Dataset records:
- - - - -

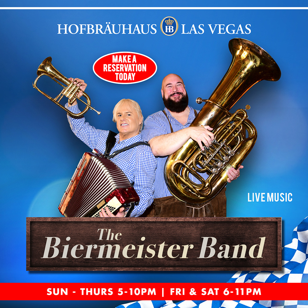 January 1 - December 31Get ready for our LIVE band "The Biermeister Band"! Classic Bavarian tunes will sound through the beer hall every day! The band plays Sun through Thu from 5PM-10PM and Fri & Sat from 6PM-11PM.
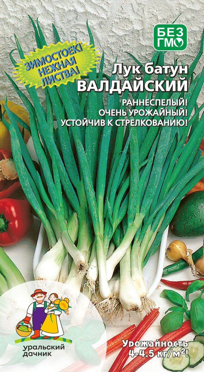 Многолетник. Раннеспелый, высокоурожайный, салатный сорт. Растение средней высоты. Листья прямостоячие, зелёные, со слабым восковым налётом, длиной 36 см, нежные, сочные, полуострого вкуса. На одном месте растет до 4-6 лет.
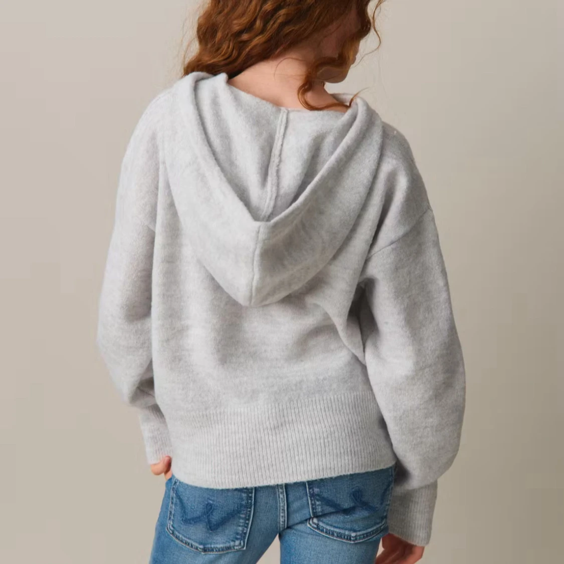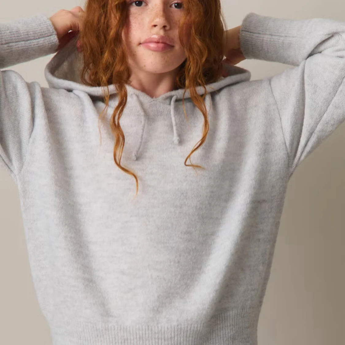 Ljusgrå stickad hoodie med huva (SÄNKT PRIS!!)
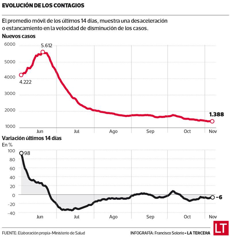 El epidemiólogo Gabriel Cavada explica que una curva “teórica” del desarrollo de la pandemia en el país debería haber tenido a Chile con 200 casos semanales a fines de octubre e inicios de noviembre. Sin embargo, acota que la circulación del virus ya es endémica y que si bien “seguimos bajando, lo hacemos muy lentamente. Se proyecta una reducción de 2%-3% de casos por semana. Si eso continúa así, deberíamos esperar un rebrote para febrero, luego de enero, tras las vacaciones”.
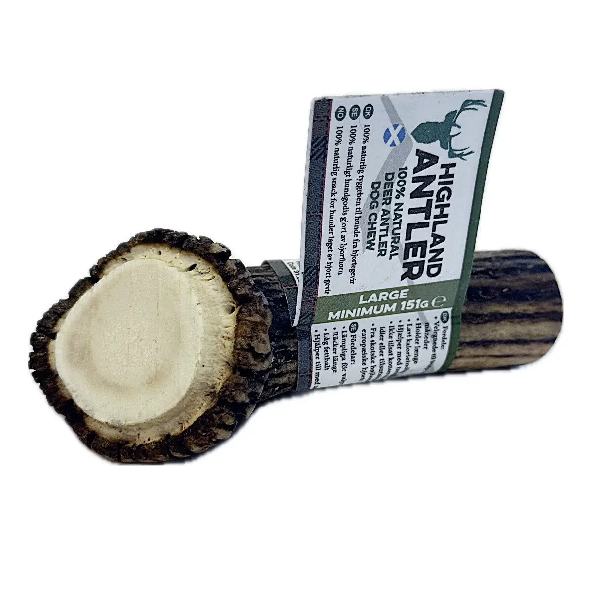 Highland Antler Hel Large er et helt, massivt hjortegevir, der byder på lang tyggetid, naturlig tandpleje og en robust tyggeoplevelse uden tilsætningsstoffer. Det er ideelt til større hunde og kraftige tyggere, som har brug for noget at arbejde med over længere tid. Marven er skjult, så hunden skal bruge både tid og kræfter på at komme ind til smagen – præcis som naturen har tænkt det.
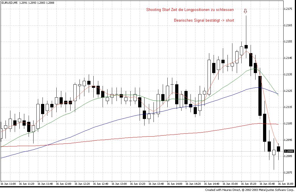 Im 5 min Chart war die Information des Candlestickmusters Shooting Star ein Volltreffer.
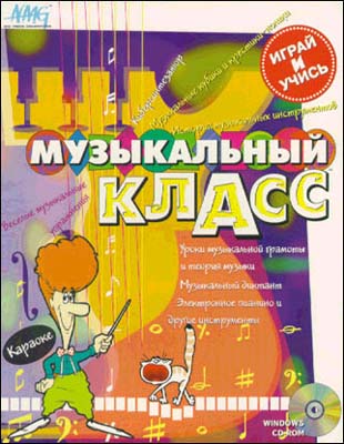 "Музыкальный класс" будет интересен как детям любого возраста, так и взрослым. Это веселое развлечение, игра и уроки музыки одновременно. Программа позволяет найти подробные описания различных типов музыкальных инструментов (старинных, классических, современных), а также услышать их звучание. Вместе с тем вы сможете почерпнуть много интересных и необходимых сведений по теории музыки. Например, узнать о том, что такое гармония, интервал, мелодия, нота, тон и др. Получить представление о различных музыкальных стилях и жанрах (джаз, самба, полька, вальс, рок, популярная музыка, техно, рэп) можно прослушивая музыкальные фрагменты с помощью киберсинтезатора. Если появится желание попробовать себя в качестве певца, то его легко осуществить. Выбрав песню из предлагаемого перечня, можно исполнить ее под фонограмму, записать на компьютер с помощью микрофона, а затем прослушать результат. Кроме того, диск содержит игры различной сложности для детей разных возрастов: "Музыкальный диктант", "15" и "Собери мелодию". С их помощью можно выучить нотную грамоту и развить свой музыкальный слух.
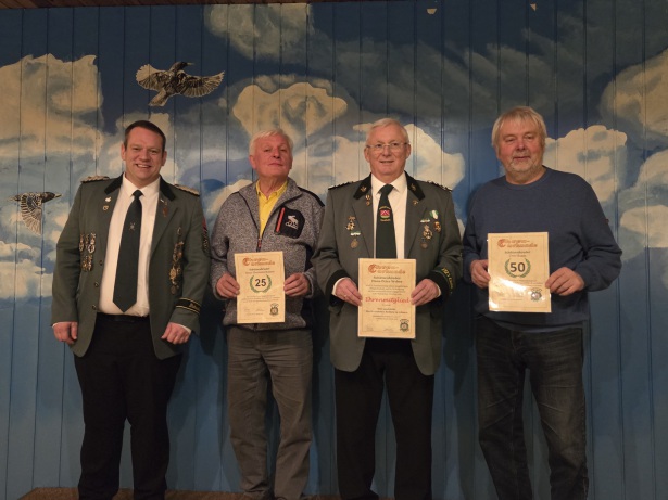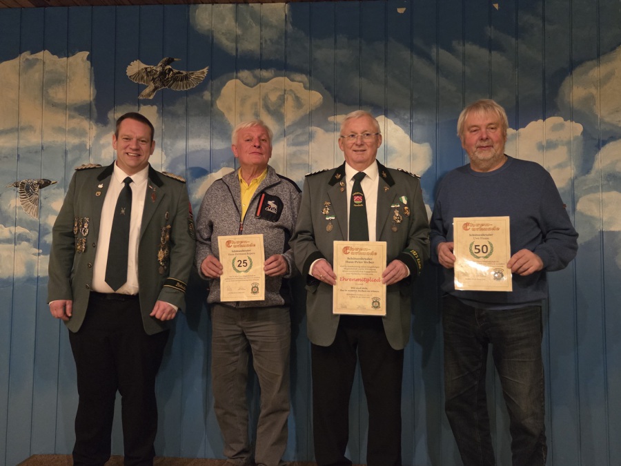 Für 50 Jahre treue Mitgliedschaft zum Verein wurde Uwe Haase geehrt, ebenso Hans-Hermann Ropers für 25 Jahre treue Mitgliedschaft zum Verein. Im Anschluss wählte die Versammlung auf Vorschlag des Vorstandes einstimmig Schützenbruder Hans-Peter Weber zum Ehrenmitglied. „Wir sind stolz Hans-Peter Weber in unseren Reihen zu wissen. Dank seines unermüdlichen Engagements zum Wohle unseres Vereins hat er die Ehrenmitgliedschaft mehr als verdient“, so Präsident Niclas Röse.
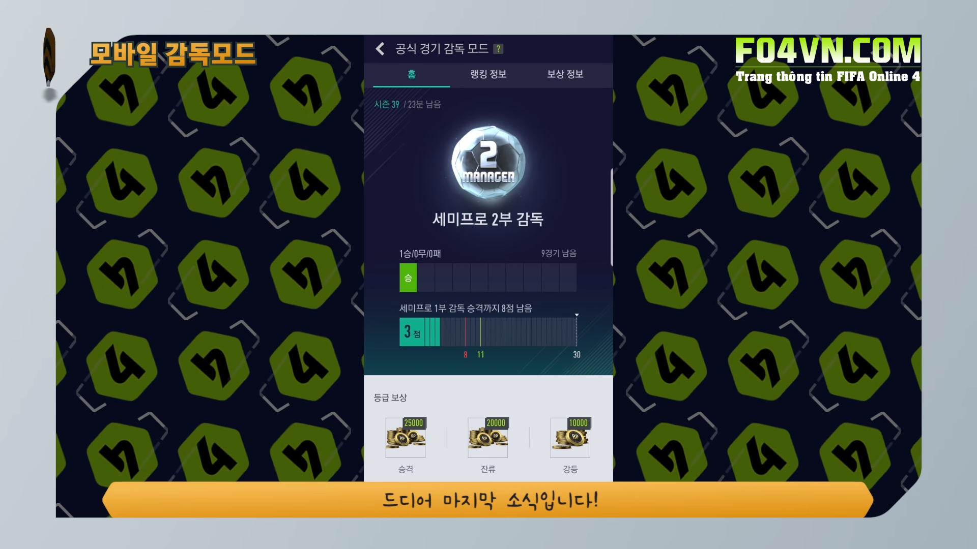 Bảng thưởng xếp hạng 1vs1Ra mắt tính năng GLXH trên Mobile Lần cập nhật này, FIFA Online 4 Hàn Quốc còn đưa ra thêm tính năng mới đó là tính năng GLXH trên Mobile. Với tính năng này, người chơi sẽ thiết lập đội hình trực tiếp trên phiên bản Mobile sau đó tham gia chế độ GLXH và thi đấu Rank xếp hạng riêng. Rank xếp hạng trên điện thoại vẫn sẽ được nhận thưởng như rank GLXH trên PC.
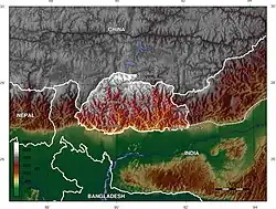 Mapa topográfico do Butão
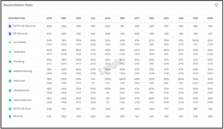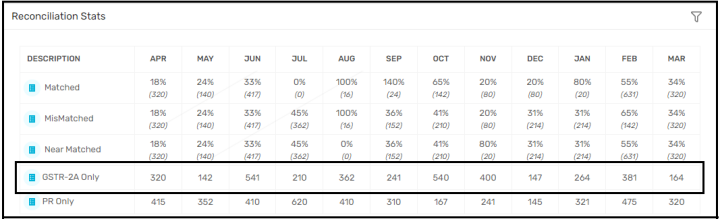 Ø If user applies filter of GSTR-2A Reconciliation, then user will get all Reconciliation stats regarding GSTR-2A Reconciliation.
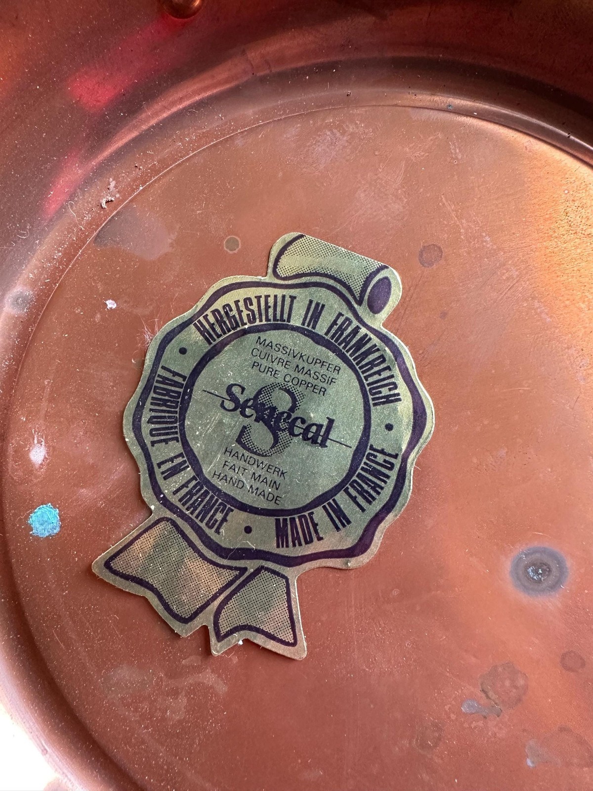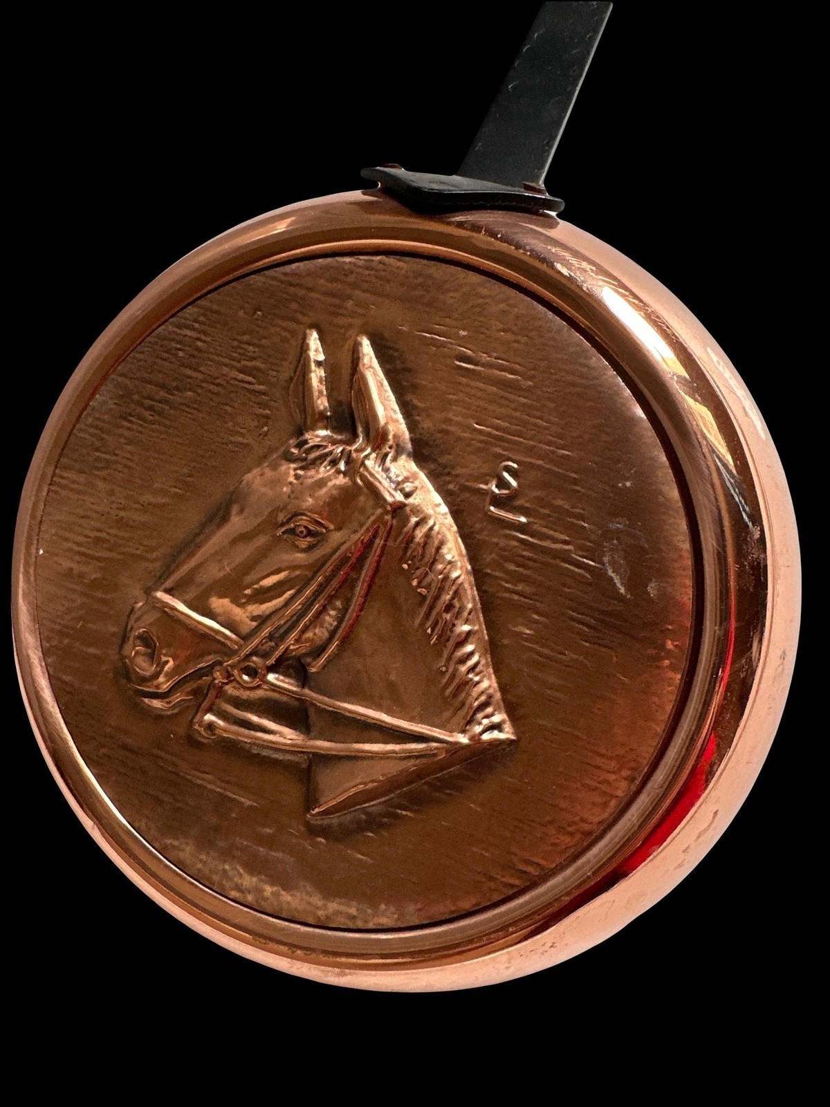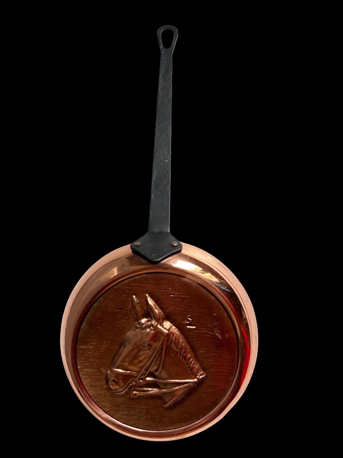 - Vintage French SENECAL small pure copper pan with a horse equestrian rustic

- - - - -

Take only the line containing "Für 50 Jahre" and every line after it to the end of the entries, and copy them exactly, pictures excluded.

* _Exercise result_
 Für 50 Jahre treue Mitgliedschaft zum Verein wurde Uwe Haase geehrt, ebenso Hans-Hermann Ropers für 25 Jahre treue Mitgliedschaft zum Verein. Im Anschluss wählte die Versammlung auf Vorschlag des Vorstandes einstimmig Schützenbruder Hans-Peter Weber zum Ehrenmitglied. „Wir sind stolz Hans-Peter Weber in unseren Reihen zu wissen. Dank seines unermüdlichen Engagements zum Wohle unseres Vereins hat er die Ehrenmitgliedschaft mehr als verdient“, so Präsident Niclas Röse.
 Bảng thưởng xếp hạng 1vs1Ra mắt tính năng GLXH trên Mobile Lần cập nhật này, FIFA Online 4 Hàn Quốc còn đưa ra thêm tính năng mới đó là tính năng GLXH trên Mobile. Với tính năng này, người chơi sẽ thiết lập đội hình trực tiếp trên phiên bản Mobile sau đó tham gia chế độ GLXH và thi đấu Rank xếp hạng riêng. Rank xếp hạng trên điện thoại vẫn sẽ được nhận thưởng như rank GLXH trên PC.
 Mapa topográfico do Butão
 Ø If user applies filter of GSTR-2A Reconciliation, then user will get all Reconciliation stats regarding GSTR-2A Reconciliation.
 - Vintage French SENECAL small pure copper pan with a horse equestrian rustic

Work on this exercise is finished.